A study of global shipping routes attempted to map which ports were at greatest… (Michael Gastner, Imperial…)
When giant container ships sail into major ports like Los Angeles and Long Beach, it's not just clothing and cars that they deliver. They also carry critters.
The specimens — microscopic algae cells or larger castaways, such as eggs of fish or crustaceans — float about in the thousands of tons of water the boats use as ballast. When the ships dump their ballast at port, the species can establish a foothold in foreign lands, often with detrimental consequences to native wildlife.
But soon ports may be able to mitigate some of that harm by predicting where invasive species are likely to arrive. In a study published Sunday in the journal Ecology Letters, a team of European scientists mined millions of signals transmitted from ships entering harbors and used the information to figure out which of the world's ports are most vulnerable to an influx of invasive species.
Los Angeles and Long Beach, which together receive about 40% of the container imports entering the U.S., both made the team's list of the 20 highest-risk "hot spots." So did eight ports in Southeast Asia, five in the Middle East, the port of New York and New Jersey, and the Panama Canal.
The impact of invasive species carried by ships can be severe. In 2008, researchers at Notre Dame and the University of Wyoming estimated that the cost to the Great Lakes region alone was at least $200 million — every year.
Some organisms travel on boats' hulls, but most are thought to make the trip in the ballast water carried on ships to balance their loads.
In the Black Sea, an invasive jellyfish called Mnemiopsis was probably jettisoned in ballast water carried from the U.S. The beasts crowded out other sea life and devastated the region's fishing and tourism industries. In California, the Department of Fish and Wildlife has suggested that two pesky beasts plaguing the state's waters — quagga mussels and zebra mussels, which hail from the Ukraine and Russia and clog pipes and other infrastructure — could also have made their journeys in ballast water.
The new study doesn't examine the impact of any one invader. Rather, the researchers attempted an analysis that could predict an invasion of any beasts from any locations to any destinations.
The first step was to pull together a record of what ships traveled where, and when — a task that required a lot of detective work. "The port authorities said to go to the shipping companies, and the shipping companies said to go to the port authorities," said Bernd Blasius of the Institute for Chemistry and Biology of the Marine Environment at Carl von Ossietzky University in Oldenburg, Germany, who led the research team.
The researchers wound up assembling their model of the global shipping route network using data from the mandatory Automatic Identification System, which reports ships' approaches to coastal stations. Their network included 32,511 ships that made 2,892,523 journeys to 1,469 ports in 2007 and 2008.
Next, the researchers combined the shipping information with other factors known to affect whether a particular species was likely to survive in distant waters. They looked at ship sizes — the larger the boat, the better the chance it will harbor invasive species — as well as how well ocean salinity and temperature matched up across ports, among other details.

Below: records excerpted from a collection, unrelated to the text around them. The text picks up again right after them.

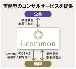 例えば、営業販路を開拓したいが社内リソースは限られる。専門性の高い人材を採用したり、コンサル会社に頼ったりする余裕もない──。そんな悩みに具体的な「答え」を提示するのが、インテリジェンスの「i-common(アイコモン)サービス」だ。「課題の発掘から実行、解決までを支援します」。カンパニー社長の鏑木陽二朗氏が、仕組みと特長を説明する。
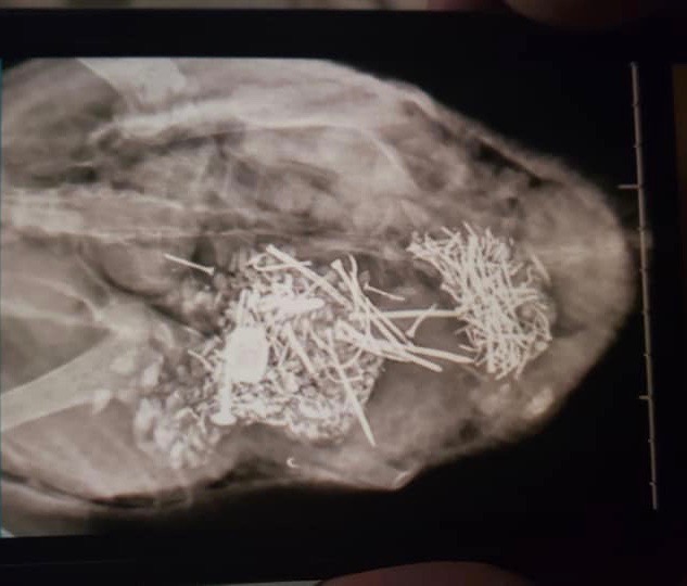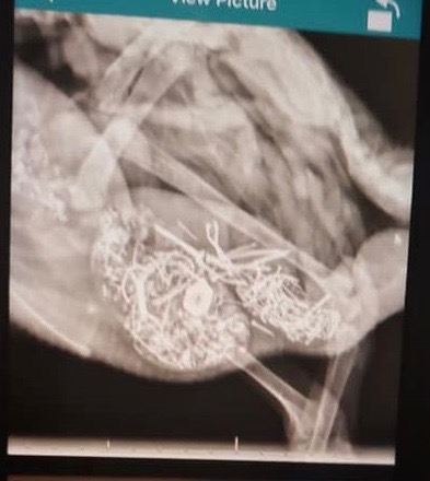 Dr Bowes: This is a case of pica which has several implications: punctures from the sharp nails and screws, and zinc or lead poisoning from the metals. It’s great that the owner had an x-ray done to determine what was going on, but this issue won’t be remedied without surgical intervention. I would be curious what the environment was like that the duck had access to that many metal objects, why it was attracted to eating them and what were its symptoms that required a visit to the vet?
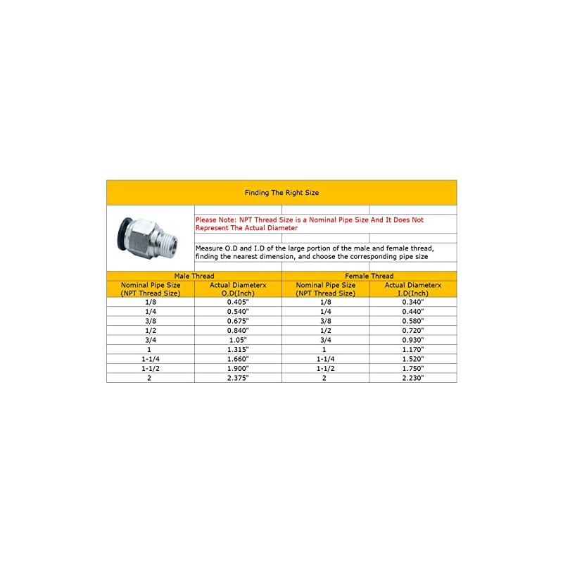 HongBoW Hardware 10 Pcs/Pack Pneumatic Male Straight PC-3/8-N03 Push to Connect Fittings 3/8" Tube OD x 3/8 NPT (Male Thread Dimension: 0.675“)
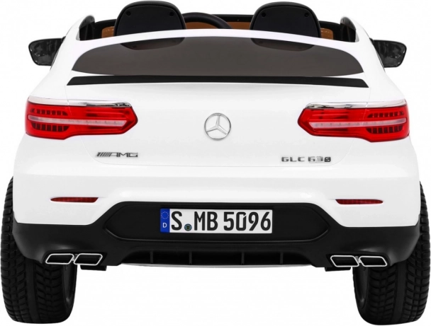 Stijlvolle elektrische kinderauto MERCEDES GLC 63 S in het wit met een realistische look van een luxe SUV en 4x4-aandrijving voor betere offroad-capaciteiten. Voorzien van 4 motoren van 45 W, een touch MP4-paneel, LED-verlichting, zachte EVA-banden en een geventileerde eco-leren zitting met veiligheidsgordels. Ouders waarderen de 2,4 GHz afstandsbediening met noodknop Stop en keuze uit 3 snelheden.
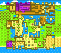Holodrum is relatively uninhabited and has no unified form of governance. The majority of its human population resides in Horon Village under the protection of the Maku Tree.[12] The village is led by Mayor Ruul. Another human settlement (possibly a colony of the previous) exists nestled into the mountains and lies directly beneath Mt. Cucco. Sunken City, true to its name, is flooded in Oracle of Seasons by great snow-melts from Mt. Cucco due to the disharmony of the seasons.[13]
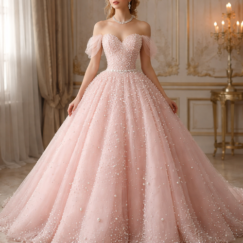 فستان وردي مع لؤلؤ
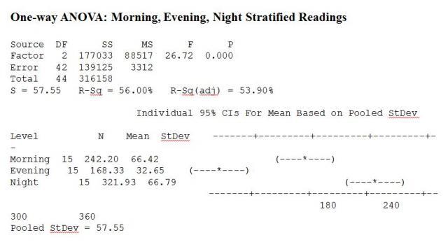 The results revealed that the evening blood sample average, taken before dinner, was statistically lower than the morning and night average readings. The analysis also suggested that the evening reading was more uniform, because it had a lower standard deviation than the other times of day.
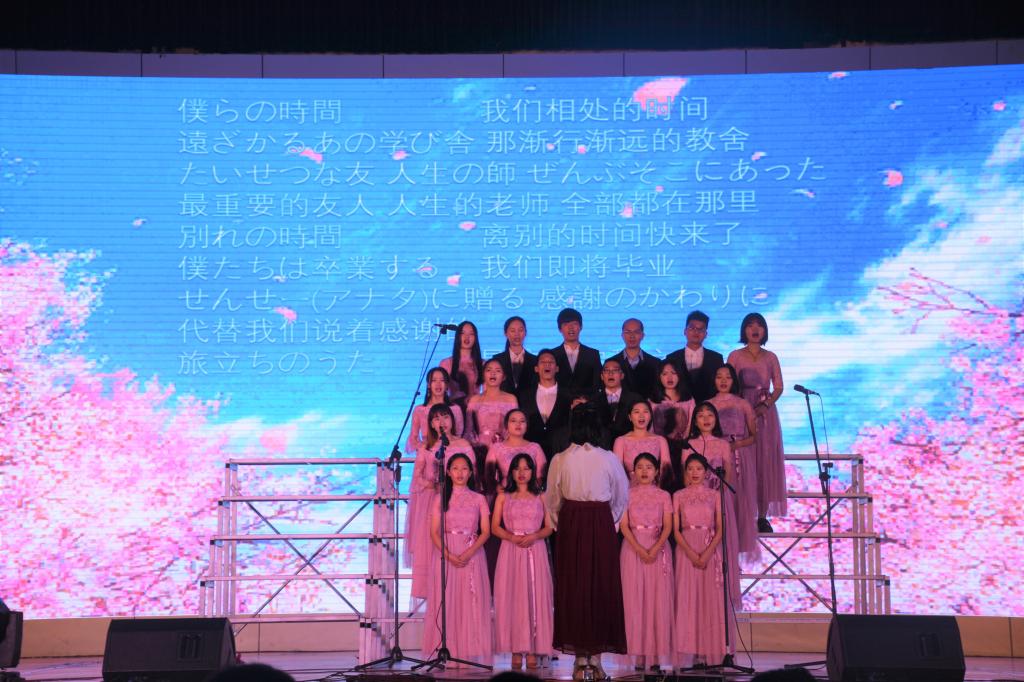 本次合唱比赛以我院艺术团的精彩表演开场,成功点燃了现场的气氛。热场过后,由我院院长全克林上台致辞,并预祝比赛取得圆满成功,本次合唱比赛正式拉开帷幕。在比赛中,各班级创意倍出,节目精彩纷呈,同学们以饱满的热情和动听的歌声彰显了青春的活力。除此之外,各班级在表演过程中还穿插了原创短剧、书法展示和婀娜多姿的舞蹈表演,使现场观众在享受音乐的同时收获视觉上的体验。同时,在比赛过程中还有令人激动的易班抽奖环节以及乐器表演,再一次带动了现场的气氛,全场掌声和喝彩声持续不断。最后,本次合唱比赛在我院声乐队优美的歌声中圆满落幕。在本次合唱比赛中,荣获一等奖的是英语17-5班和日语15-1班,我院院长全克林为之颁奖;荣获二等奖的是英语15-1班、英语16-2班、日语16-2班和日语17-1班,我院党委副书记邓洁琼为之颁奖;荣获三等奖的是英语16-4班、英语16-3班、日语15-2班和日语16-1班,我院副院长唐渠为之颁奖;荣获精神文明奖的是英语18-6班,我院院长助理曾文华为之颁奖;荣获最佳指挥奖的是英语16-4班金颖洁和英语15-1班邵世娜,我院副院长胡金为之颁奖。
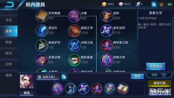 在后期,我们选择出痛苦面具,敌方肉盾英雄在中期感受到了甄姬伤害的恐怖性,基本在后期就会出非常多的法术防御来制裁甄姬,这时我们出痛苦面具有着少量的法术强度和高额的最大生命加成,还有高额的法术穿透加成,使得甄姬在后期还是会让敌方肉盾英雄感受到后期甄姬的伤害更加恐怖,贤者之书有着高额的法术攻击加成和高额的最大生命加成,使得甄姬在后期不仅有恐怖的伤害,还有着不错的生存能力,让敌方刺客无可奈何。

Analyzing all of the variables together, they were able to figure out that the intermediate distances — trade routes of about 5,000 to 6,000 miles — posed the greatest threat.
Most of the hitchhiking organisms were transported to nearby waters — "but those species are already there," Blasius said. On the flip side, castaways from far-off areas could not survive the travel times required to make longer journeys, he said.
While higher-volume ports were at higher risk, some heavily trafficked areas, such as Europe's North Sea, dodged the bullet because of environmental conditions. In the case of Northern Europe, waters are too cold for tropical species to survive.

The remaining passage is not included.